Linguistic expertise is one thing, but in-depth specialist knowledge of life sciences is much more important. The alarm bells go off in my head when I see an extremely long list of different specialisms: if you say you’re an expert in electrical engineering, dentistry, tax law and whatever else in between, you’re either a genius or your knowledge barely scratches the surface. I’m not saying it’s impossible, just that as a Vendor Manager I’ll be sceptical and I’ll try to dig a bit deeper.

Does VRM for life sciences differ from VRM for technical translations?

No, not really. The main difference is the specialization of the service providers. I check their experience in the respective sectors and specific subject areas, as well as the references they provide and their previous clients.

Let’s talk about the subject on everyone’s lips: machine translation. What’s your experience with MT in the life sciences sector? Is it used a lot?

I think many life sciences businesses are wary and sceptical of machine translation – as I said earlier, their translations are sensitive. But worries about data security are also a big part of it. Another factor is that many MT service providers don’t allow their engines to be used for medical technology and other sensitive subject areas, though translation agencies can be given authorization, as we have at MEINRAD for DeepL because we’re both ISO 18587 and ISO 13485 certified. In our experience, machine translation is definitely a viable option for the life sciences sector, especially for less sensitive types of texts – but only in conjunction with professional post-editing and potentially a subsequent review as well. For texts aimed directly at customers, we believe an ISO 17100 translation and review is the safest workflow.

What trends have you observed in life sciences?

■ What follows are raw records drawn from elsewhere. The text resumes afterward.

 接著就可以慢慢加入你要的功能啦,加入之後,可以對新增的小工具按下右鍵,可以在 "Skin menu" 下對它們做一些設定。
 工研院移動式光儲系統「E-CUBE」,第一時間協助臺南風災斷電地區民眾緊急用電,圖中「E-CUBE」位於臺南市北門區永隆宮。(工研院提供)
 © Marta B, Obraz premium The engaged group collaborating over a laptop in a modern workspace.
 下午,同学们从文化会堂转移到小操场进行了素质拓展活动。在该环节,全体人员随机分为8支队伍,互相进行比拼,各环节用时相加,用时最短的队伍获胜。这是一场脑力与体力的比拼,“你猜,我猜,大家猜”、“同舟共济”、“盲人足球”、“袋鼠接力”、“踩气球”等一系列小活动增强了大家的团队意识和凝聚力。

We’ve seen a strong degree of resilience from the life sciences sector in the face of the crisis caused by the Covid-19 pandemic over the last three years. Large industrial businesses closed their doors during lockdown, while many areas of medicine and medical technology flourished. There’s an ever-increasing need for high-quality life sciences translations, and quite a few translators have recognized that and begun to specialize in the sector.

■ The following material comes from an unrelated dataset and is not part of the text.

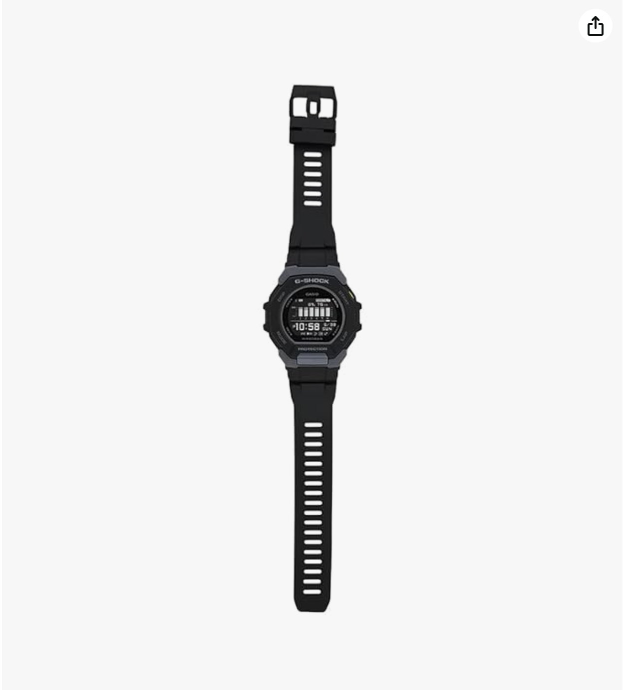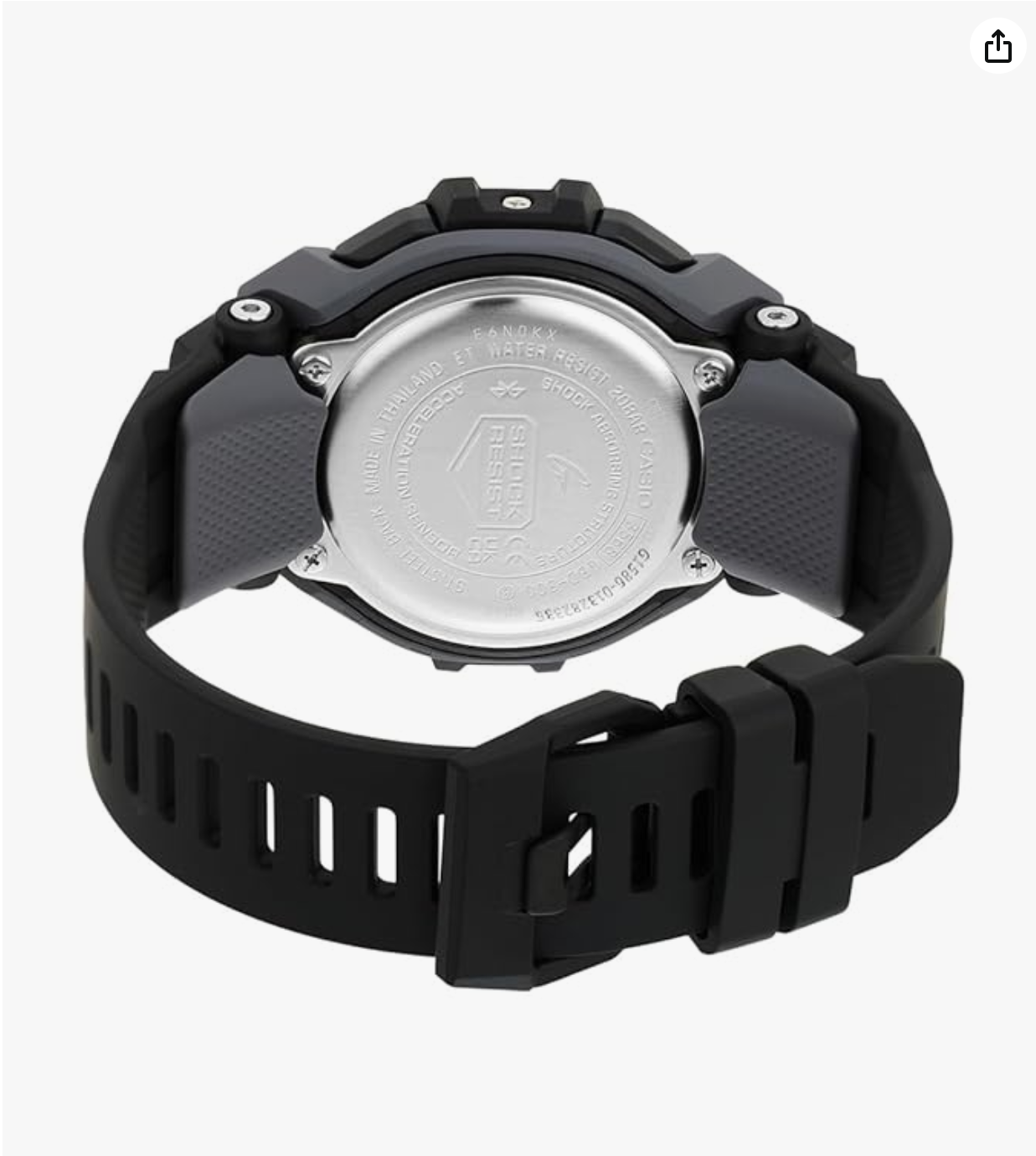 the G-Shock collection by Casio. Its resin strap showcases a black hue

For a long time, life sciences was off-limits for machine translation – but that’s gradually starting to change. The MT output is getting more and more reliable, terminology can be integrated, and the final post-edited results speak for themselves. But it’s important that you use a secure Pro version to ensure that your data don’t end up freely available online. Artificial intelligence is everywhere, even if it’s a nightmarish prospect for some people. If you know how to use this technology, I think you can really benefit from it – as a translator and as an agency. And if agencies want to become established in the life sciences sector, my view is that ISO 13485 certification is indispensable. It guarantees full traceability of every step in the production chain, including the creation of the translation itself. So life sciences businesses and their customers can operate as safely as possible and have full transparency.